Вот это, между прочим, был злодей так злодей… но злодей именно между прочим, поскольку чисто конкретно о его злодействах ничего не сообщается, в отличие от двух предыдущих представителях генетически порченого рода. Ну и слава богу, потому что с появлением на сцене предпоследнего Кашели завершаются, по сути, историко-политологические штудии писателя, которые можно было бы отнести к жанру бумажного триллера (как говаривал Лев Николаевич, “меня пугают, а мне не страшно”), и начинается настоящий роман.

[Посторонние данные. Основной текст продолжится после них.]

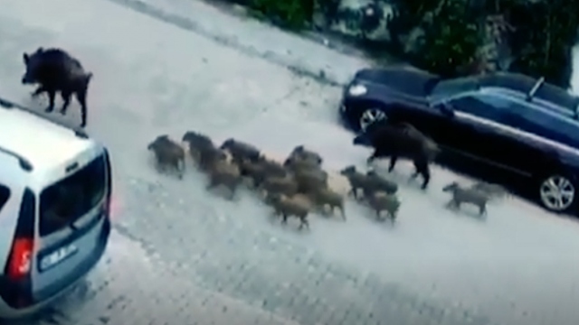 Muğla'nın Marmaris ilçesinde, aç kalan domuz sürüsü sokaklarda görüntülendi.
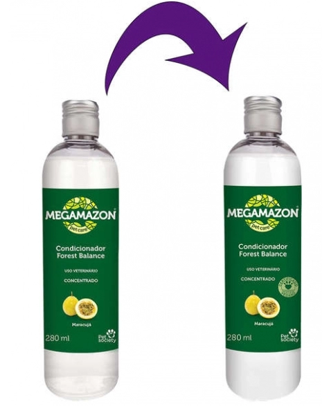 Megamazon Forest Balance contém ativo especial de Maracujá, que possui ação refrescante, hidratante e suavizante para a pele e pelagem do animal. A linha Megamazon possui fórmula concentrada 1:1, é biodegradável, proporciona secagem rápida e tem efeito neutralizador de odores, higienizando com um surpreendente perfume de natureza.
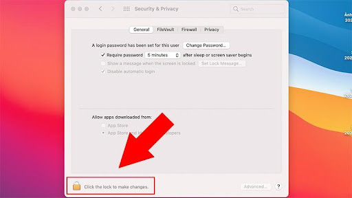 Bước 3: Tìm biểu tượng khóa góc trái bên dưới màn hình có chữ Click the clock to make changes, sau đó nhập mật khẩu để Unlock.
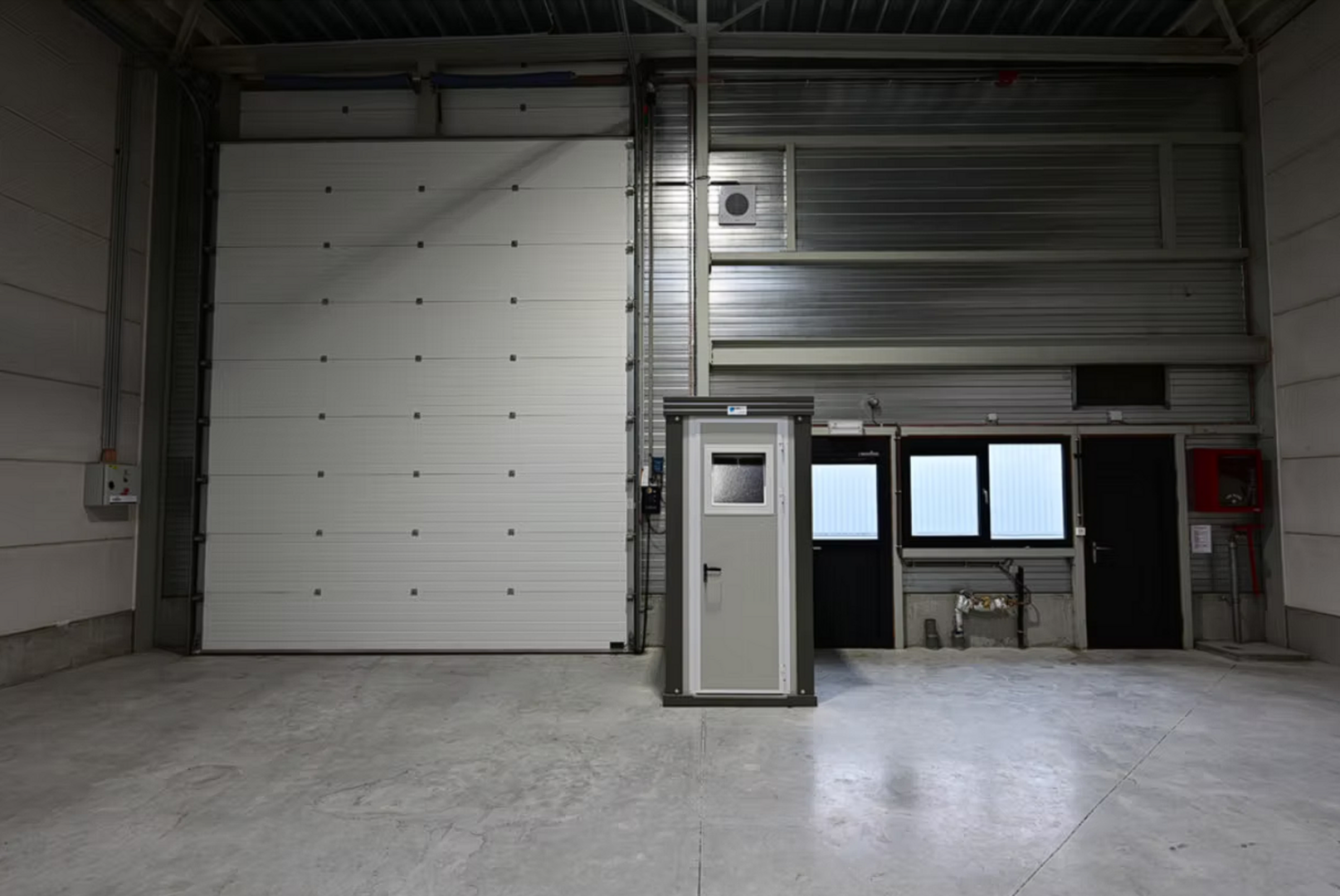 Dit magazijn heeft een oppervlakte van ca. 500m² met voldoende parkeermogelijkheden en is voorzien van 1 gelijkvloerse sectionaalpoort. Het magazijn heeft een vrije hoogte van ca. 6,30 m en nutsvoorzieningen zoals water en elektriciteit (230/400V) zijn eveneens aanwezig.

Однако пусть не подумают те, кто романа не читал, что он просто так, механически, делится на две стилистически разные половины. Ничего подобного, все эти блокбастерные страсти-мордасти про злодейский род Кашели вплетены в ткань произведения, более того, их невозможно извлечь без ущерба для самого полотна. У большого писателя не бывает ничего лишнего. То, что порою кажется ущербным, на самом деле усиливает достоинства сочинения. И концептуальная невнятность романа вовсе не является его пороком. Бессвязное на первый взгляд бормотание поэта нередко оказывается более содержательным, чем целые тома политологических исследований. А “Годори” и не претендует на научную безупречность. Это роман, автор которого бродит в потемках собственной души, уязвленной обрушившимися на его страну бедствиями, в поисках уголка, в котором бы теплился уголек надежды, и нигде его не находит. Шел по дороге человек, шел себе, шел, да вдруг сбился с пути, попал, как Лизико, в “непролазные ежевичные дебри, разлегшиеся, как допотопное чудище <…> Сердце Лизико выскакивает из груди <…> не сознавая себя, она бьется вслепую <…>”. (Да, определенно: Лизико — это он.)
Книга Отара Чиладзе — ultima ratio вселенской тоски грузинского почвенника, склонного к передержкам националистического толка, как и его русские собратья по перу, — а как же, ведь при всех этнических различиях взросли в одной и той же щелястой годори, которая называлась социалистическим реализмом.